Many things in our lives are valuable to us, but at the present moment we may not always realise how precious they really are to us. Sometimes, we need to take a step back to reflect upon what matters in our lives.

When I was 7 years old, my parents suggested that my sister and I should make a time capsule to bury in our garden. This capsule was a small box that my mother made us fill with ten things from our lives at that time.

I put in various objects in my time capsule, including a cassette recording of me and my sister talking together, a picture of my two cats at the time, and a toy that I had loved a lot as a child. For the first few months, I would look at the flowerbed where it lay just a few feet below the ground. I initially had to fight back the temptation to dig it up, but over the years, I gradually began to forget about the existence of my time capsule.

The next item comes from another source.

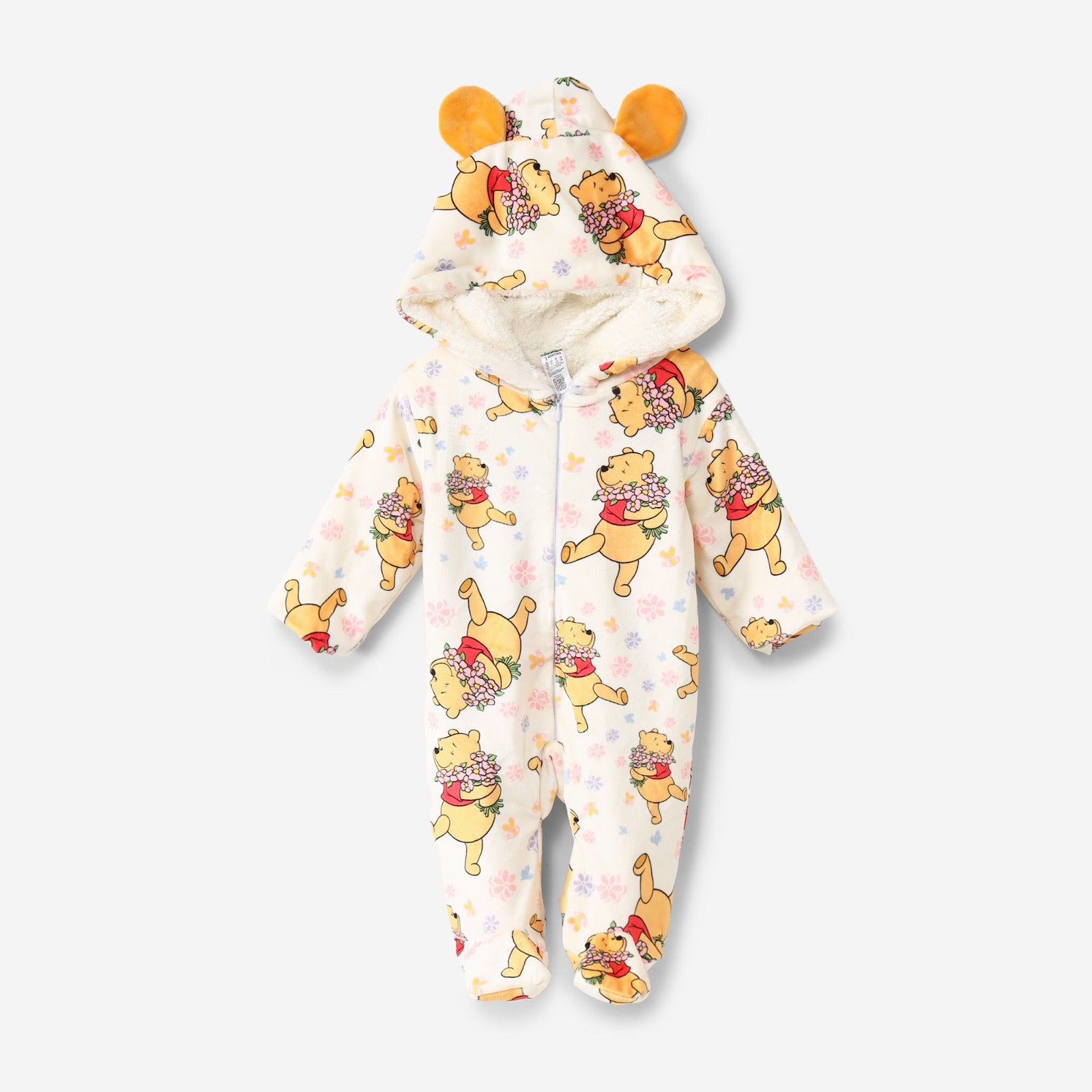 The bodysuit is made from soft, warm, creamy white fabric and is printed with a cute teddy bear holding a bouquet of flowers. It features a hood with tiny orange ears for a playful touch, and a front zipper for easy on and off. Its practical and soft design is ideal for keeping infants warm and cozy, with an attractive shape that's suitable for children.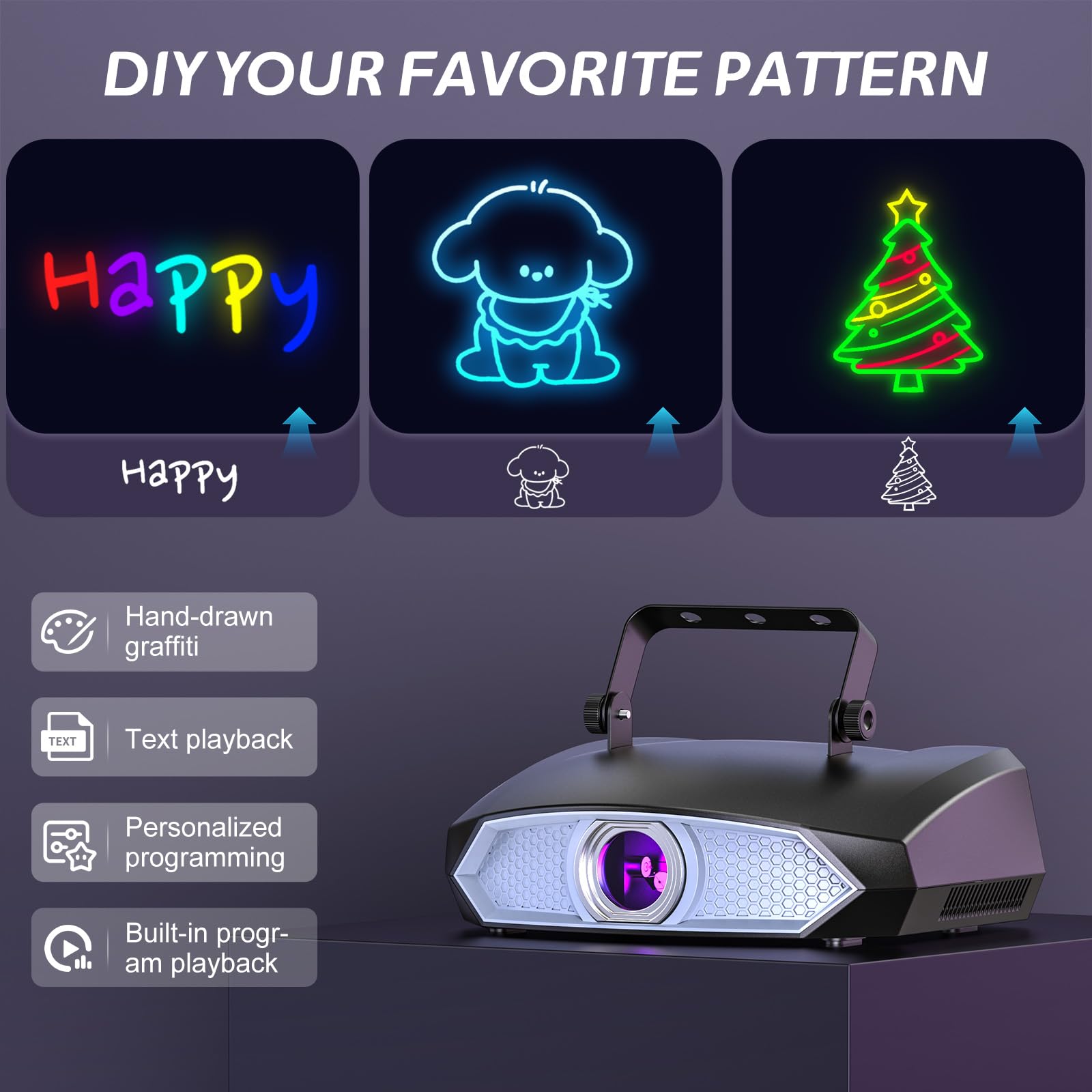 Ja, das ist die Kernfunktion! Mit der App „LIGHT ELF“ können Sie eigene Muster mit bis zu 800 Punkten zeichnen, einfache Bilder hochladen oder Texte mit bis zu 100 Zeichen schreiben. Ihre Kreationen, wie z.B. Firmenlogos oder Partymottos, können Sie als Favoriten speichern und jederzeit wieder abrufen.

It was fourteen years later, in 2016, when my parents were due to move house and I was about to leave for Hong Kong, that my eyes fell upon the same spot where I had buried my time capsule. I struggled to remember anything I had put inside – I thought to myself that they obviously hadn’t been particularly valuable things, since I hadn’t spared them a single thought in so long.

Yet when I wiped the decade of soil away from the plastic box and opened it up, the memories that had been trapped in there for so long came back to me in a flash. I listened to the tape recording of the conversation with my sister (I actually struggled to find a cassette player!), looked at the faded photo of my two cats who had since died, and remembered how much I liked the toy that I had placed in there.

There is a saying in English: “absence makes the heart grow fonder.” Although this usually refers to people far away from you, I think that its meaning still rings true for the contents of my time capsule. By rediscovering these records from my childhood, I came to reflect upon how much I treasure them as memories.